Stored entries
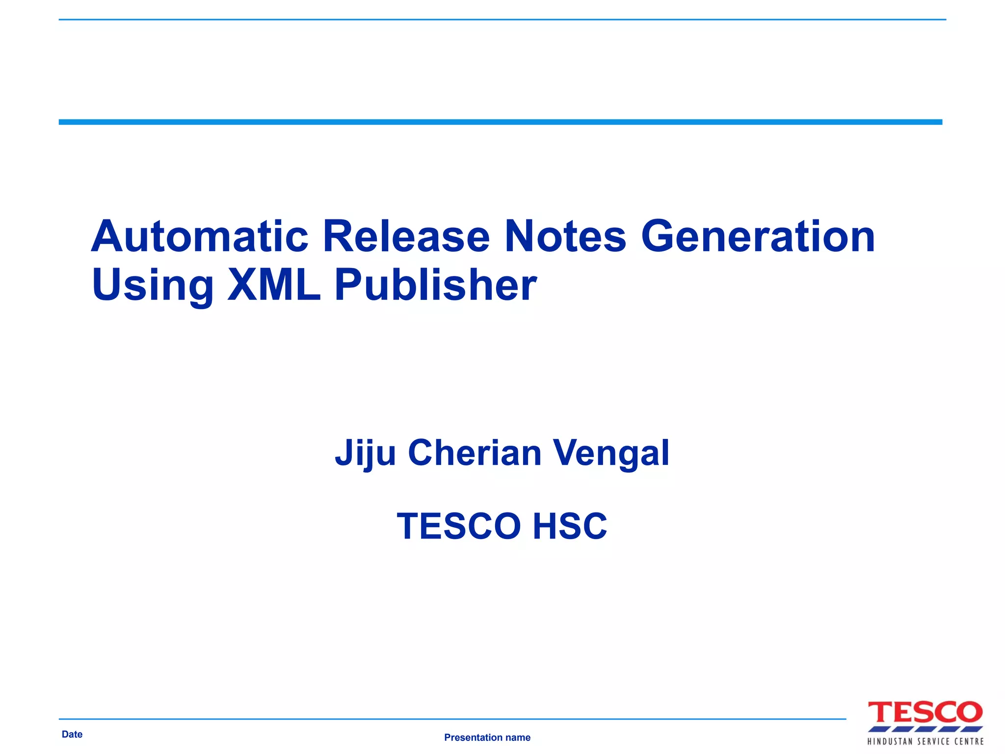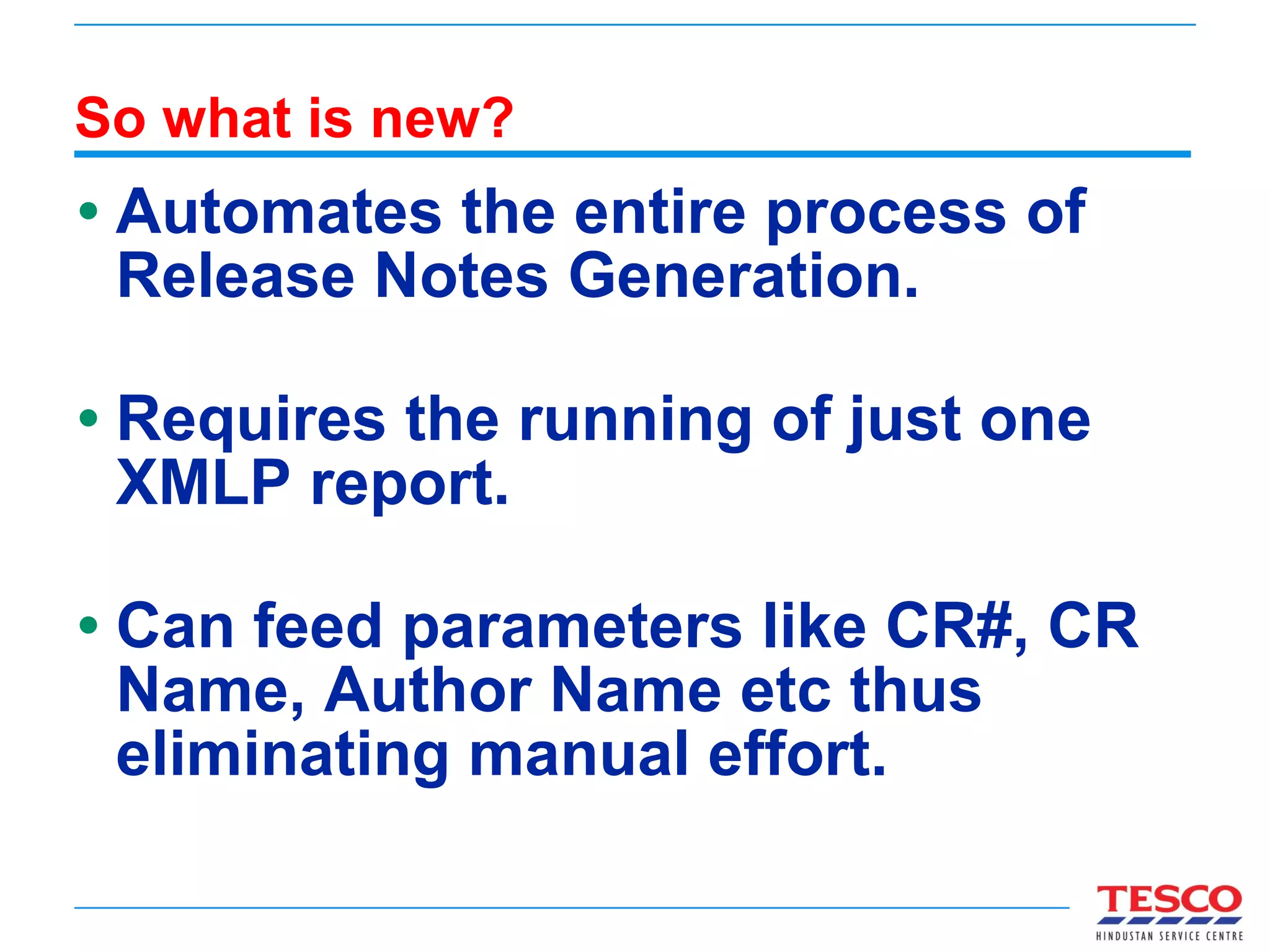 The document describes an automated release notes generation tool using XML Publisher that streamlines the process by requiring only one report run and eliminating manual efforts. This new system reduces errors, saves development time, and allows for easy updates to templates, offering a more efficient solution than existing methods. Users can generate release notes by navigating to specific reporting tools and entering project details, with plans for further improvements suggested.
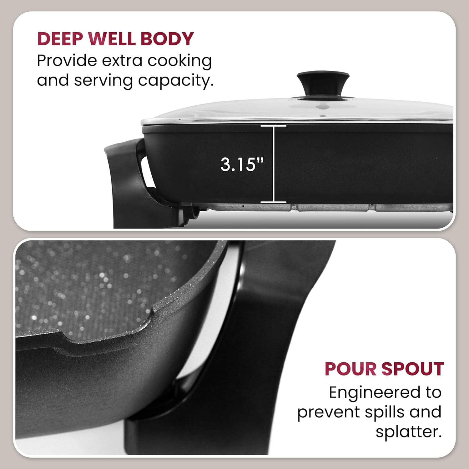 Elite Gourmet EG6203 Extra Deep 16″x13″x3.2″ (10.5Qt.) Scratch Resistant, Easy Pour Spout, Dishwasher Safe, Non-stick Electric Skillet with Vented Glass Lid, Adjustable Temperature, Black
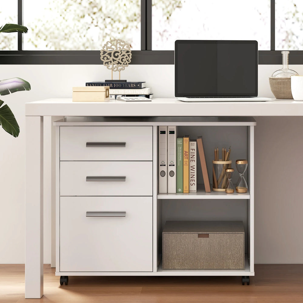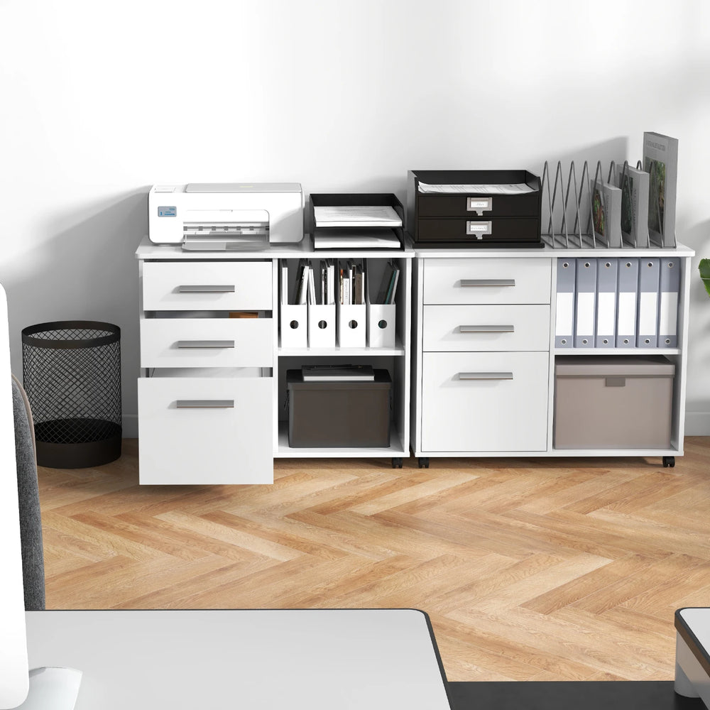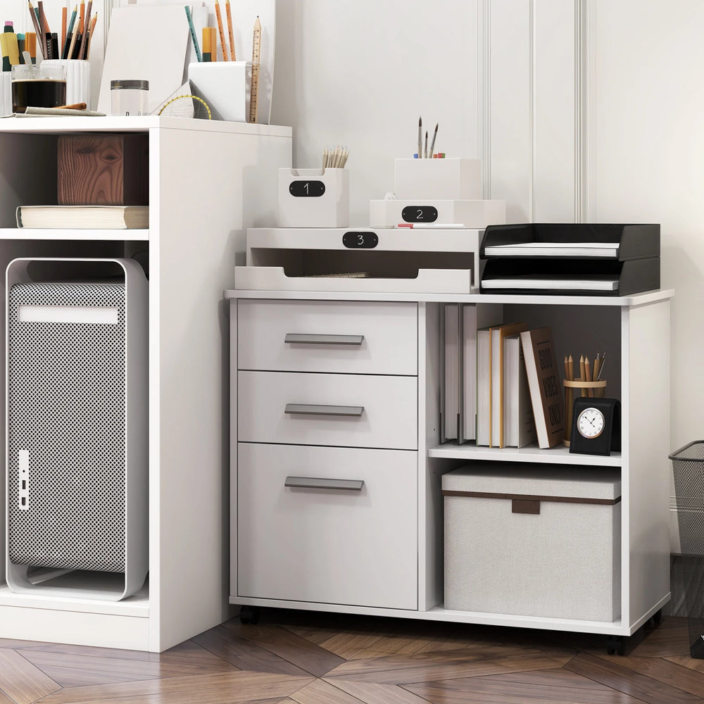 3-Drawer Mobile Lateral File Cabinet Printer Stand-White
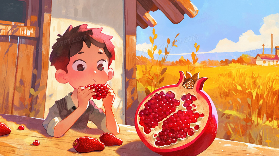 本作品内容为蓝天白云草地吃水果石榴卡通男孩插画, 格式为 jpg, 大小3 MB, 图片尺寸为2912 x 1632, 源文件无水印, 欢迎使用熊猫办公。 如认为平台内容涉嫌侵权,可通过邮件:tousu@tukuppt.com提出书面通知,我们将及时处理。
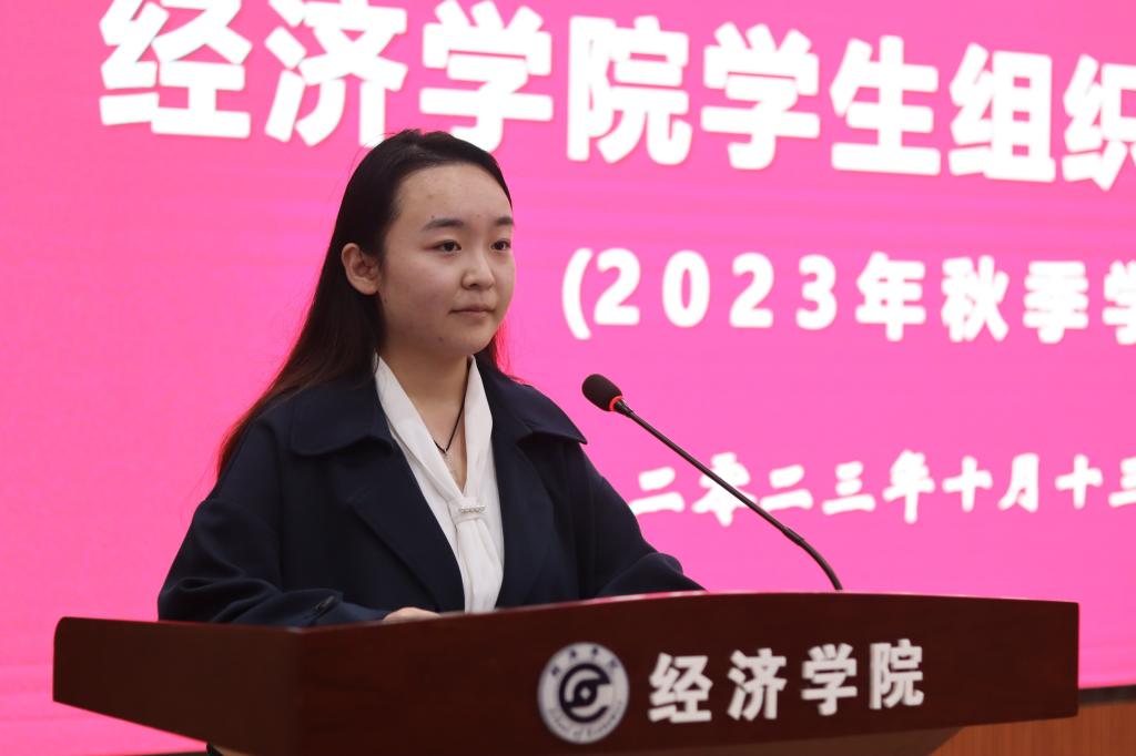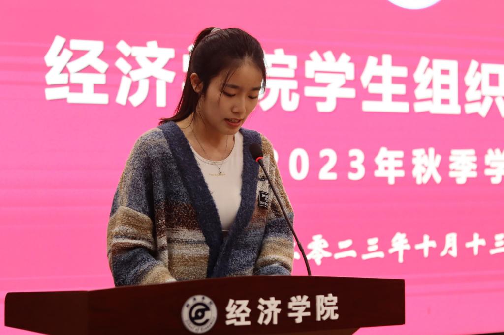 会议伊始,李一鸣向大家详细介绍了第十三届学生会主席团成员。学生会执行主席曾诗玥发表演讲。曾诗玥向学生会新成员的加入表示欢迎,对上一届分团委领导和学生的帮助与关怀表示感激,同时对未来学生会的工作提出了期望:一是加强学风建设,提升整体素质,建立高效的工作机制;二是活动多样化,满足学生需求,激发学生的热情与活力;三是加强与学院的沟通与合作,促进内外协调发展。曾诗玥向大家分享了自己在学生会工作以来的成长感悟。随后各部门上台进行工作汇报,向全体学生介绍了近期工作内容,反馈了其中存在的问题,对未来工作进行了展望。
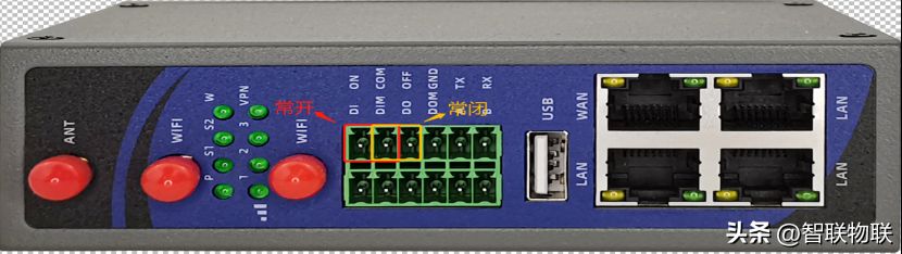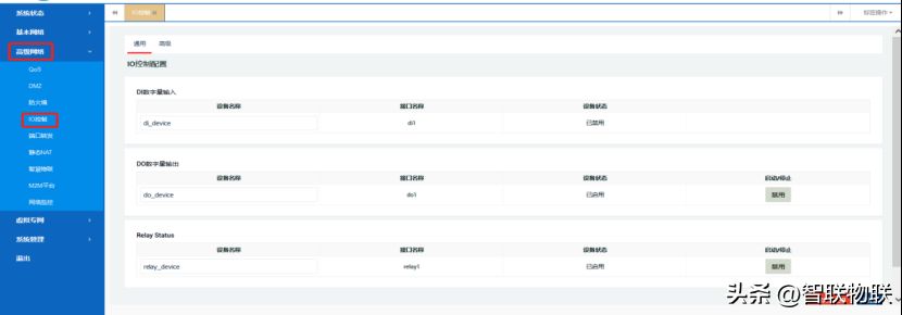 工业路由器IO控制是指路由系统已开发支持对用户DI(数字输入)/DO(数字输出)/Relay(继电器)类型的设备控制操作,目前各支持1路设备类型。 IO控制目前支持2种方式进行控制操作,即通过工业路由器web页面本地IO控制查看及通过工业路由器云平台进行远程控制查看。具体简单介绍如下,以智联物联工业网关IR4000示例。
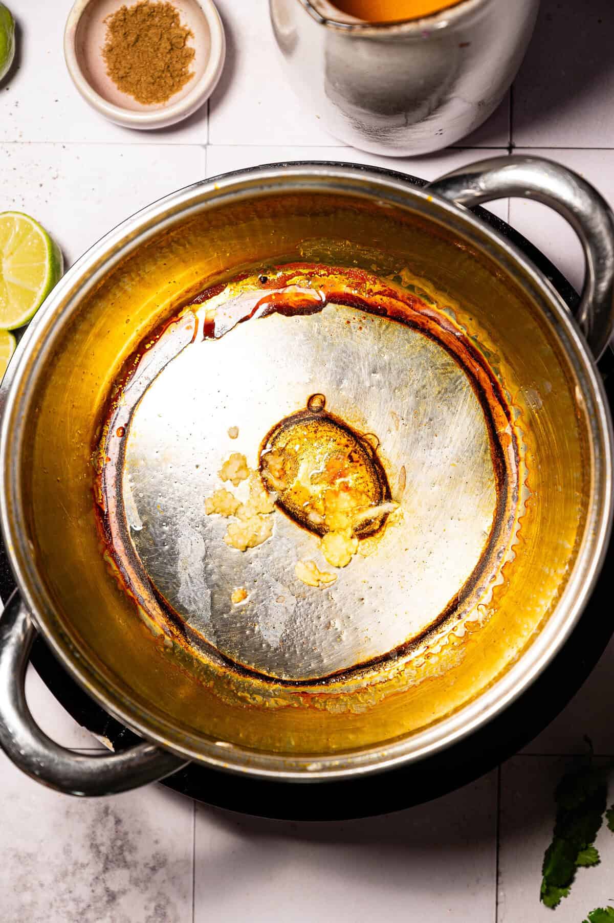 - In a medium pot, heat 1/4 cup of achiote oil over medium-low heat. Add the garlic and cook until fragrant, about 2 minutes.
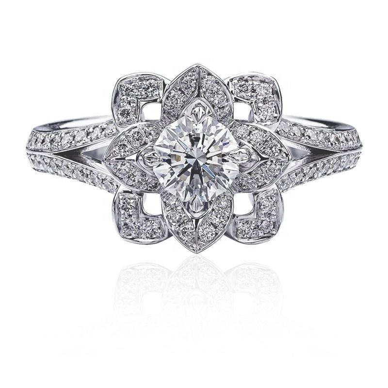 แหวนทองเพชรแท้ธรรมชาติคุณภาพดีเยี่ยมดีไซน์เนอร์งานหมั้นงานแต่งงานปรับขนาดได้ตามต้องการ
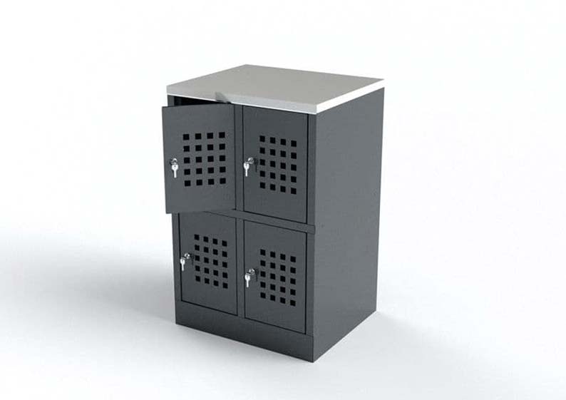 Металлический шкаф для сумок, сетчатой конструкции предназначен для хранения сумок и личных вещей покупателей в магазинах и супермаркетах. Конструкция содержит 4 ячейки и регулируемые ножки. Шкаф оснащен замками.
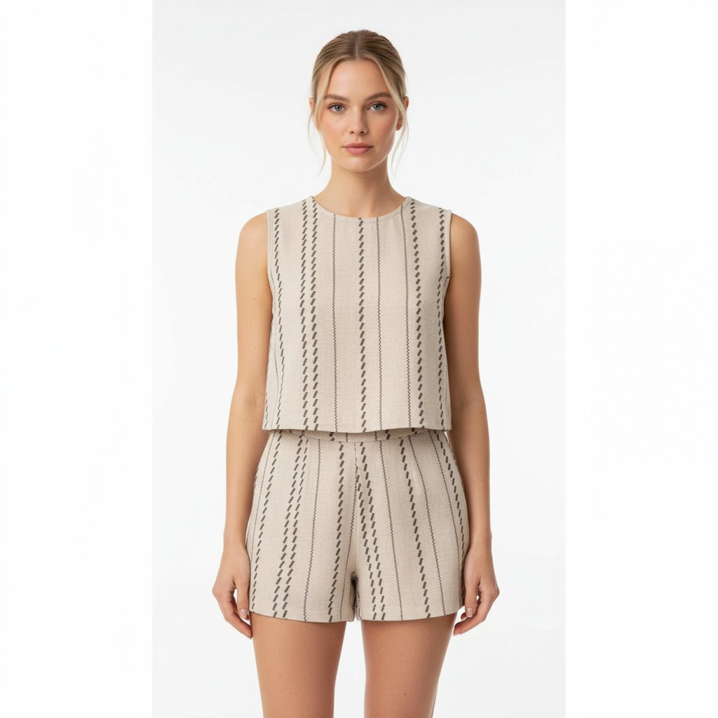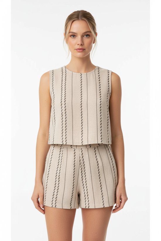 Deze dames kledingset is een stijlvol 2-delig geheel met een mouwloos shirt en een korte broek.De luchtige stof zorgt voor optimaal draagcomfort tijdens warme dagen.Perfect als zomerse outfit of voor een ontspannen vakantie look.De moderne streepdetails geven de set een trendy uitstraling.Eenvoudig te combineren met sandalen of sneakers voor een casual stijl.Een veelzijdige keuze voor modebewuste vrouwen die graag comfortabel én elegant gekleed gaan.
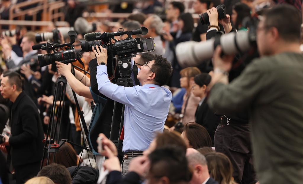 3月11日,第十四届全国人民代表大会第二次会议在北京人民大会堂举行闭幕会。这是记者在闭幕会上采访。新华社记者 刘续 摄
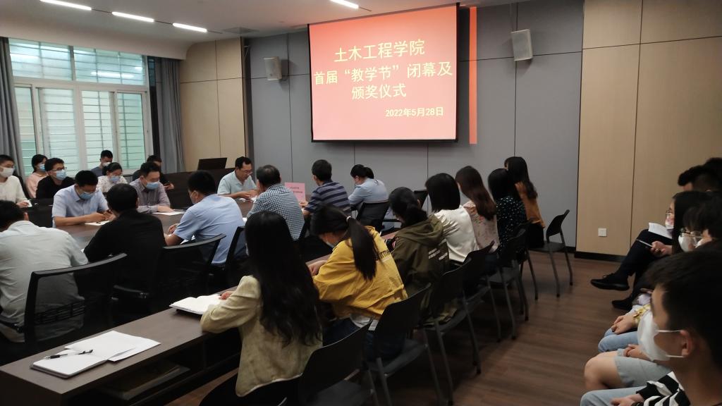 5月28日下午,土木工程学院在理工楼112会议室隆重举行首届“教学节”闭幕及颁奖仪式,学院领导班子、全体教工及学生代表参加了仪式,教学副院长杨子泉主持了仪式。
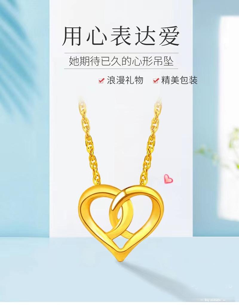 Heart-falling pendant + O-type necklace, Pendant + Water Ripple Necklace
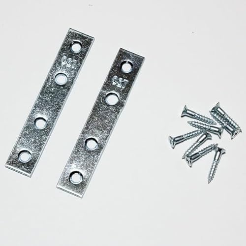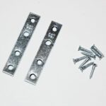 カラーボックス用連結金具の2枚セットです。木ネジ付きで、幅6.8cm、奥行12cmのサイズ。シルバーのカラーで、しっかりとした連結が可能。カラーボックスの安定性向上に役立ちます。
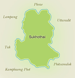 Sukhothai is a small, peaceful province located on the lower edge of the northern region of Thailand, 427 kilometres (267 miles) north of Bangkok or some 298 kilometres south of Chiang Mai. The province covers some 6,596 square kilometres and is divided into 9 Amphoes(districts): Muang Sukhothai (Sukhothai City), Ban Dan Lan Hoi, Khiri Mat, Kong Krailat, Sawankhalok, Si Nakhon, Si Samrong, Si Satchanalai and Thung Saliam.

Problem details » Leaving the pictures out, give back each line above exactly.

Result »
 The document describes an automated release notes generation tool using XML Publisher that streamlines the process by requiring only one report run and eliminating manual efforts. This new system reduces errors, saves development time, and allows for easy updates to templates, offering a more efficient solution than existing methods. Users can generate release notes by navigating to specific reporting tools and entering project details, with plans for further improvements suggested.
 Elite Gourmet EG6203 Extra Deep 16″x13″x3.2″ (10.5Qt.) Scratch Resistant, Easy Pour Spout, Dishwasher Safe, Non-stick Electric Skillet with Vented Glass Lid, Adjustable Temperature, Black
 3-Drawer Mobile Lateral File Cabinet Printer Stand-White
 本作品内容为蓝天白云草地吃水果石榴卡通男孩插画, 格式为 jpg, 大小3 MB, 图片尺寸为2912 x 1632, 源文件无水印, 欢迎使用熊猫办公。 如认为平台内容涉嫌侵权,可通过邮件:tousu@tukuppt.com提出书面通知,我们将及时处理。
 会议伊始,李一鸣向大家详细介绍了第十三届学生会主席团成员。学生会执行主席曾诗玥发表演讲。曾诗玥向学生会新成员的加入表示欢迎,对上一届分团委领导和学生的帮助与关怀表示感激,同时对未来学生会的工作提出了期望:一是加强学风建设,提升整体素质,建立高效的工作机制;二是活动多样化,满足学生需求,激发学生的热情与活力;三是加强与学院的沟通与合作,促进内外协调发展。曾诗玥向大家分享了自己在学生会工作以来的成长感悟。随后各部门上台进行工作汇报,向全体学生介绍了近期工作内容,反馈了其中存在的问题,对未来工作进行了展望。
 工业路由器IO控制是指路由系统已开发支持对用户DI(数字输入)/DO(数字输出)/Relay(继电器)类型的设备控制操作,目前各支持1路设备类型。 IO控制目前支持2种方式进行控制操作,即通过工业路由器web页面本地IO控制查看及通过工业路由器云平台进行远程控制查看。具体简单介绍如下,以智联物联工业网关IR4000示例。
 - In a medium pot, heat 1/4 cup of achiote oil over medium-low heat. Add the garlic and cook until fragrant, about 2 minutes.
 แหวนทองเพชรแท้ธรรมชาติคุณภาพดีเยี่ยมดีไซน์เนอร์งานหมั้นงานแต่งงานปรับขนาดได้ตามต้องการ
 Металлический шкаф для сумок, сетчатой конструкции предназначен для хранения сумок и личных вещей покупателей в магазинах и супермаркетах. Конструкция содержит 4 ячейки и регулируемые ножки. Шкаф оснащен замками.
 Deze dames kledingset is een stijlvol 2-delig geheel met een mouwloos shirt en een korte broek.De luchtige stof zorgt voor optimaal draagcomfort tijdens warme dagen.Perfect als zomerse outfit of voor een ontspannen vakantie look.De moderne streepdetails geven de set een trendy uitstraling.Eenvoudig te combineren met sandalen of sneakers voor een casual stijl.Een veelzijdige keuze voor modebewuste vrouwen die graag comfortabel én elegant gekleed gaan.
 3月11日,第十四届全国人民代表大会第二次会议在北京人民大会堂举行闭幕会。这是记者在闭幕会上采访。新华社记者 刘续 摄
 5月28日下午,土木工程学院在理工楼112会议室隆重举行首届“教学节”闭幕及颁奖仪式,学院领导班子、全体教工及学生代表参加了仪式,教学副院长杨子泉主持了仪式。
 Heart-falling pendant + O-type necklace, Pendant + Water Ripple Necklace
 カラーボックス用連結金具の2枚セットです。木ネジ付きで、幅6.8cm、奥行12cmのサイズ。シルバーのカラーで、しっかりとした連結が可能。カラーボックスの安定性向上に役立ちます。
 Sukhothai is a small, peaceful province located on the lower edge of the northern region of Thailand, 427 kilometres (267 miles) north of Bangkok or some 298 kilometres south of Chiang Mai. The province covers some 6,596 square kilometres and is divided into 9 Amphoes(districts): Muang Sukhothai (Sukhothai City), Ban Dan Lan Hoi, Khiri Mat, Kong Krailat, Sawankhalok, Si Nakhon, Si Samrong, Si Satchanalai and Thung Saliam.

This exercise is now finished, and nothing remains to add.